- **BRIEF**
Copy nothing but the text: reproduce each line of the listing exactly and leave the pictures out.
DATA BLOCK below:
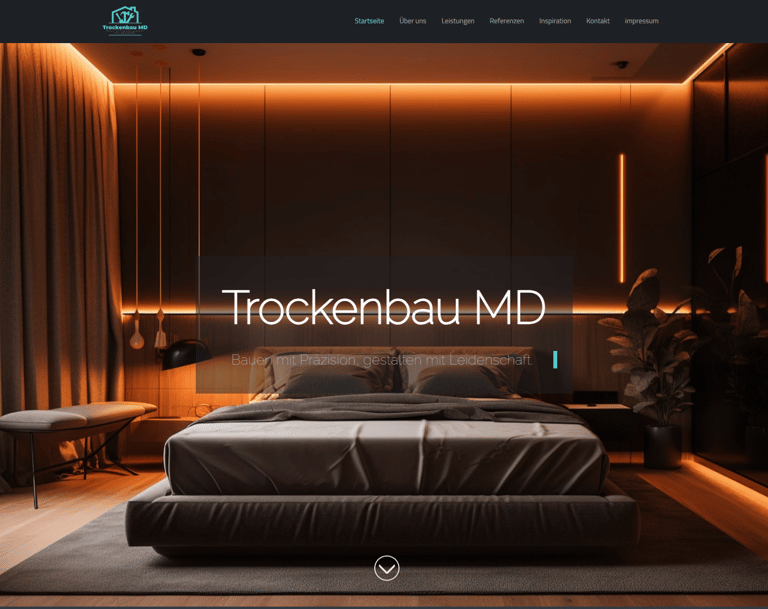 FĂŒr Trockenbau MD entwickelten wir einen neuen Markenauftritt mit klarer Struktur, starkem Design und ĂŒberzeugender PrĂ€sentation der Leistungen und Projekte.
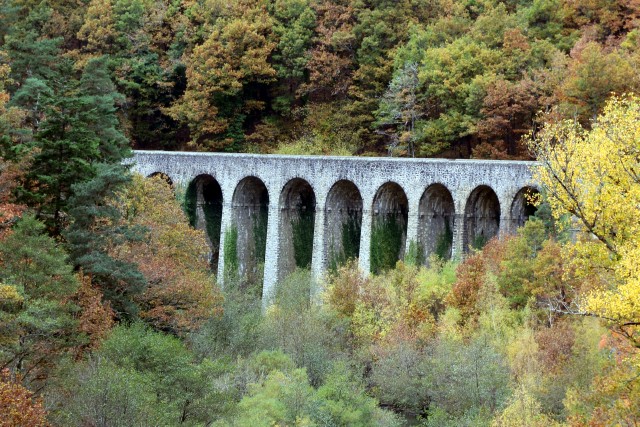 Commentaire image - Est-ce la nature automnale qui sert de parure au viaduc de Ramenac ou bien est-ce le contraire ? | ![]() |
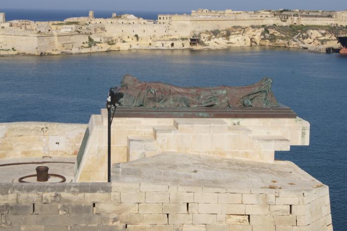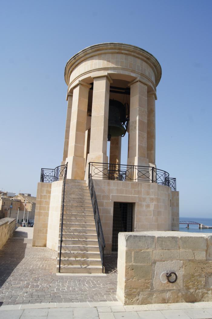 Расположено это непреступное сооружение на оконечности полуострова. К сожалению, внутрь мы не смогли попасть. В будни он закрыт, т.к. там располагается сейчас полицейская академия, но по воскресным дням там устраивают костюмированные представления для всех желающих. Далее мы направились к нижним садам Барракка. Их, кстати, видно с верхних. Прежде, чем попасть в сады, мы наткнулись ещё на одну достопримечательность: лежащая у моря статуя солдата и величественный колокол Осады – напоминание о погибших во Второй Мировой Войне.
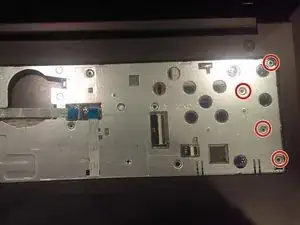 С помощью отвёртки Phillips J0 выкрутите четыре отмеченных винта и отсоедините отмеченный кабель.
End of DATA BLOCK.
- **RESPONSE AREA**
 FĂŒr Trockenbau MD entwickelten wir einen neuen Markenauftritt mit klarer Struktur, starkem Design und ĂŒberzeugender PrĂ€sentation der Leistungen und Projekte.
 Commentaire image - Est-ce la nature automnale qui sert de parure au viaduc de Ramenac ou bien est-ce le contraire ? | ![]() |
 Расположено это непреступное сооружение на оконечности полуострова. К сожалению, внутрь мы не смогли попасть. В будни он закрыт, т.к. там располагается сейчас полицейская академия, но по воскресным дням там устраивают костюмированные представления для всех желающих. Далее мы направились к нижним садам Барракка. Их, кстати, видно с верхних. Прежде, чем попасть в сады, мы наткнулись ещё на одну достопримечательность: лежащая у моря статуя солдата и величественный колокол Осады – напоминание о погибших во Второй Мировой Войне.
 С помощью отвёртки Phillips J0 выкрутите четыре отмеченных винта и отсоедините отмеченный кабель.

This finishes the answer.